**Raw data:**
▼

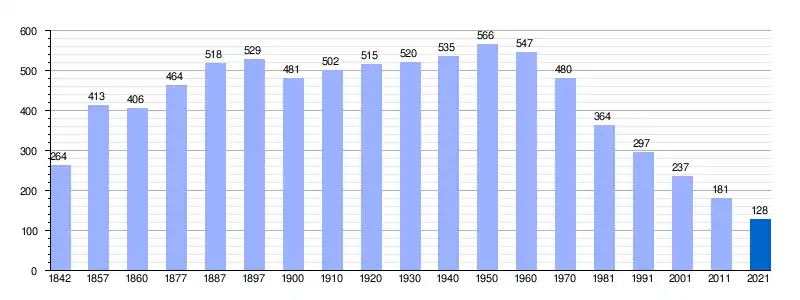 Población de derecho (1842-1991, excepto 1857 y 1860 que es población de hecho) o población residente (2001-2011) según los Censos de Población desde 1842. Población según el padrón municipal de 2021 del INE. |
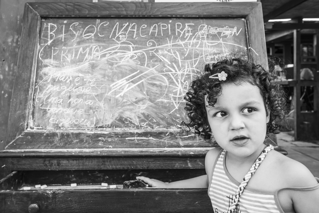 | Probabilmente stufa di quanto scrivono gli adulti, cercando con i loro insegnamenti, basati sul “bisogna capire”, di inglobarla in una didattica che lascia poco spazio alla libera creatività, ha riempito la lavagna con scritte non vincolate a nessun tipo di didattica.....ma, dalla sua espressione, sembra essersi accorta della presenza del docente. Per evitare punizioni, cerca di cancellare quello che, per gli adulti, non ha senso. Una espressione eloquente in una immagine che trovo molto bella e significativa |
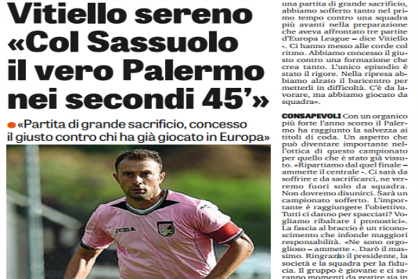 Gazzetta dello Sport: “Vitiello sereno: «Col Sassuolo il vero Palermo nei secondi 45’. Partita di grande sacrificio, concesso il giusto contro chi ha già giocato in Europa»”

▲

**Task item:** Reproduce the material above in full and without alteration, but skip all pictures.

**Output:**
 Población de derecho (1842-1991, excepto 1857 y 1860 que es población de hecho) o población residente (2001-2011) según los Censos de Población desde 1842. Población según el padrón municipal de 2021 del INE. |
 | Probabilmente stufa di quanto scrivono gli adulti, cercando con i loro insegnamenti, basati sul “bisogna capire”, di inglobarla in una didattica che lascia poco spazio alla libera creatività, ha riempito la lavagna con scritte non vincolate a nessun tipo di didattica.....ma, dalla sua espressione, sembra essersi accorta della presenza del docente. Per evitare punizioni, cerca di cancellare quello che, per gli adulti, non ha senso. Una espressione eloquente in una immagine che trovo molto bella e significativa |
 Gazzetta dello Sport: “Vitiello sereno: «Col Sassuolo il vero Palermo nei secondi 45’. Partita di grande sacrificio, concesso il giusto contro chi ha già giocato in Europa»”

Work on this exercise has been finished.